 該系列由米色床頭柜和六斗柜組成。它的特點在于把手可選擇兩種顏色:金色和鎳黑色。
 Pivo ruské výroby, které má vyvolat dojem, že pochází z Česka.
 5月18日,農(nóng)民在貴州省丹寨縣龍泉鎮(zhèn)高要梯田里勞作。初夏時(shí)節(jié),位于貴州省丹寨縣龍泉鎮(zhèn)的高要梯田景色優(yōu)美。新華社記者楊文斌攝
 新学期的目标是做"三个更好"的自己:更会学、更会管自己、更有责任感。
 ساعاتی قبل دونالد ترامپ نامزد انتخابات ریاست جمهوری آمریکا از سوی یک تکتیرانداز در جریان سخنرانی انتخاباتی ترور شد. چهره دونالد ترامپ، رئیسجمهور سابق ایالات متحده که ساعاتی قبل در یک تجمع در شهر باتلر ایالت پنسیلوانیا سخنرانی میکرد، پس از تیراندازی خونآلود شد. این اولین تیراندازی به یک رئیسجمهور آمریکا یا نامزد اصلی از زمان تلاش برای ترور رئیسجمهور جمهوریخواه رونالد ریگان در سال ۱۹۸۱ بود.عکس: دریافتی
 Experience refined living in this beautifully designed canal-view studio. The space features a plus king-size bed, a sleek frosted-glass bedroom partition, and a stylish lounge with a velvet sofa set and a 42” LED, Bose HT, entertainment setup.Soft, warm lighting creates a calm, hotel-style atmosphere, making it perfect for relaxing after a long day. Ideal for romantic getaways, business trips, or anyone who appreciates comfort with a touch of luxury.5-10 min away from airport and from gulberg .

════════════════════

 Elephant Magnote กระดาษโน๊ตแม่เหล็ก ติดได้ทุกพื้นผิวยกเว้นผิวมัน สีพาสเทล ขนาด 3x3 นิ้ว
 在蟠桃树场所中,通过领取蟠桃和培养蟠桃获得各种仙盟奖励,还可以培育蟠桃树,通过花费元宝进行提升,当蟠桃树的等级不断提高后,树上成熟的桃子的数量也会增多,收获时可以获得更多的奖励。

════════════════════

◆ PROBLEM DESCRIPTION
Among the entries above, the line containing "Elephant Magnote กระดาษโน๊ตแม่เหล็ก", the line containing "在蟠桃树场所中,通过领取蟠桃", and all lines between them are to be restated word for word; nothing else belongs in the reply.

◆ RESPONSE FOR THIS EXERCISE
 Elephant Magnote กระดาษโน๊ตแม่เหล็ก ติดได้ทุกพื้นผิวยกเว้นผิวมัน สีพาสเทล ขนาด 3x3 นิ้ว
 在蟠桃树场所中,通过领取蟠桃和培养蟠桃获得各种仙盟奖励,还可以培育蟠桃树,通过花费元宝进行提升,当蟠桃树的等级不断提高后,树上成熟的桃子的数量也会增多,收获时可以获得更多的奖励。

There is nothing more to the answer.